== SUPPLIED RECORDS ==
┌────────

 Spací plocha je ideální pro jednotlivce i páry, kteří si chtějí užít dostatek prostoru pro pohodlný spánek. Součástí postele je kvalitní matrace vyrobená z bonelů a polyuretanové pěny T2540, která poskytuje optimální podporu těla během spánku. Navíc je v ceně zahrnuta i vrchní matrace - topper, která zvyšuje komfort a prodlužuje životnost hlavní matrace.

└────────
┌────────

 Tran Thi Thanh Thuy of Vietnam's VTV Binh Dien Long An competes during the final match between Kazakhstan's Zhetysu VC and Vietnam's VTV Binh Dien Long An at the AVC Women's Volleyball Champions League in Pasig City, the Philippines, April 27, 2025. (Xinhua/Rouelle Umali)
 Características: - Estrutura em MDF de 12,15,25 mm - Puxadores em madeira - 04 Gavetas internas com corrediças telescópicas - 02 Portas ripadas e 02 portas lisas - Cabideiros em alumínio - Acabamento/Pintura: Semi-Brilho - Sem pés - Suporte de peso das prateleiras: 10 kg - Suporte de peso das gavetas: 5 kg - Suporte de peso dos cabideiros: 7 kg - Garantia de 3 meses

└────────

== TASK REQUIREMENTS ==
Begin with the line that has "Tran Thi Thanh" in the listing above and end after the line that has "Características: - Estrutura"; output those lines exactly.

== EXPECTED ANSWER ==
 Tran Thi Thanh Thuy of Vietnam's VTV Binh Dien Long An competes during the final match between Kazakhstan's Zhetysu VC and Vietnam's VTV Binh Dien Long An at the AVC Women's Volleyball Champions League in Pasig City, the Philippines, April 27, 2025. (Xinhua/Rouelle Umali)
 Características: - Estrutura em MDF de 12,15,25 mm - Puxadores em madeira - 04 Gavetas internas com corrediças telescópicas - 02 Portas ripadas e 02 portas lisas - Cabideiros em alumínio - Acabamento/Pintura: Semi-Brilho - Sem pés - Suporte de peso das prateleiras: 10 kg - Suporte de peso das gavetas: 5 kg - Suporte de peso dos cabideiros: 7 kg - Garantia de 3 meses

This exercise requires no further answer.